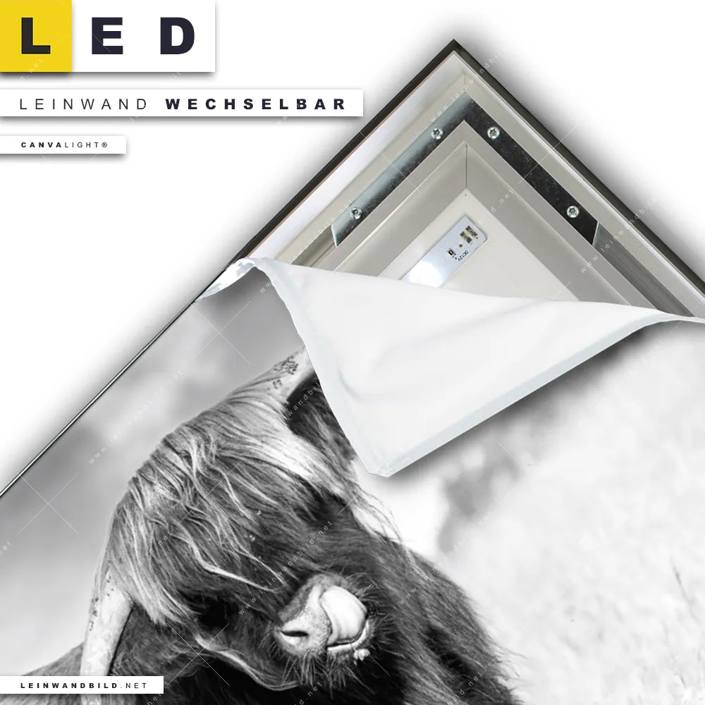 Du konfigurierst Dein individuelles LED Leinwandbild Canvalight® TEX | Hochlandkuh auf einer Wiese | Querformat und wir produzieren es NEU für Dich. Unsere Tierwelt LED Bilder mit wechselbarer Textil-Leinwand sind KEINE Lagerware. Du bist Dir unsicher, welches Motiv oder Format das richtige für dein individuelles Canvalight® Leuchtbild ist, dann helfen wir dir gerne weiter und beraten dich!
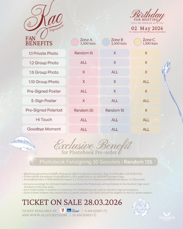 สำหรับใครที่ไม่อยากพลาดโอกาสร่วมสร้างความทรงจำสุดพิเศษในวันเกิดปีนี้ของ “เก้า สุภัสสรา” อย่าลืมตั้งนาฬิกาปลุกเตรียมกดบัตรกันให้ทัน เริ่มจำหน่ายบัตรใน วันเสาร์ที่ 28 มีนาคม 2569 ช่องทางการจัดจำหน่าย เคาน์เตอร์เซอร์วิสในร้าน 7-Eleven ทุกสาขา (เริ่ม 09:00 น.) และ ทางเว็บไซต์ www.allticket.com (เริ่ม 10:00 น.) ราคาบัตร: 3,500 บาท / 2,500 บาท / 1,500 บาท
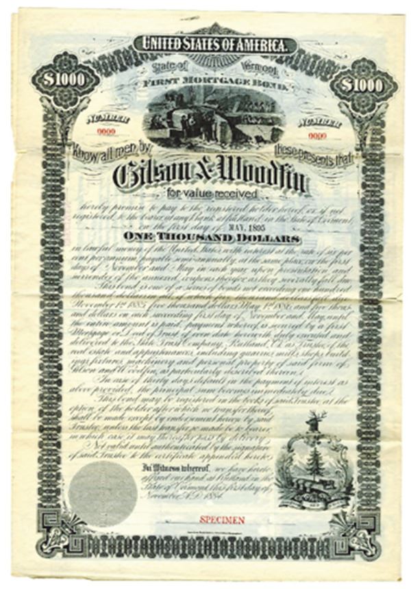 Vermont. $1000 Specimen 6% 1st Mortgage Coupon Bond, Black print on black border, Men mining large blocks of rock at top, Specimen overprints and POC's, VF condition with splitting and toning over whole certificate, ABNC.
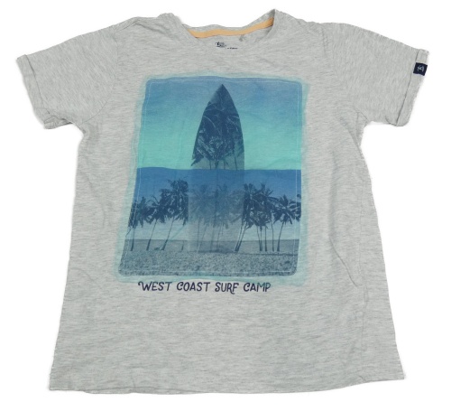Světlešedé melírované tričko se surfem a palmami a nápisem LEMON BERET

________________

WHAT IS NEEDED
Restate each line above exactly, keeping pictures out.

ANSWER SPACE
 Du konfigurierst Dein individuelles LED Leinwandbild Canvalight® TEX | Hochlandkuh auf einer Wiese | Querformat und wir produzieren es NEU für Dich. Unsere Tierwelt LED Bilder mit wechselbarer Textil-Leinwand sind KEINE Lagerware. Du bist Dir unsicher, welches Motiv oder Format das richtige für dein individuelles Canvalight® Leuchtbild ist, dann helfen wir dir gerne weiter und beraten dich!
 สำหรับใครที่ไม่อยากพลาดโอกาสร่วมสร้างความทรงจำสุดพิเศษในวันเกิดปีนี้ของ “เก้า สุภัสสรา” อย่าลืมตั้งนาฬิกาปลุกเตรียมกดบัตรกันให้ทัน เริ่มจำหน่ายบัตรใน วันเสาร์ที่ 28 มีนาคม 2569 ช่องทางการจัดจำหน่าย เคาน์เตอร์เซอร์วิสในร้าน 7-Eleven ทุกสาขา (เริ่ม 09:00 น.) และ ทางเว็บไซต์ www.allticket.com (เริ่ม 10:00 น.) ราคาบัตร: 3,500 บาท / 2,500 บาท / 1,500 บาท
 Vermont. $1000 Specimen 6% 1st Mortgage Coupon Bond, Black print on black border, Men mining large blocks of rock at top, Specimen overprints and POC's, VF condition with splitting and toning over whole certificate, ABNC.
Světlešedé melírované tričko se surfem a palmami a nápisem LEMON BERET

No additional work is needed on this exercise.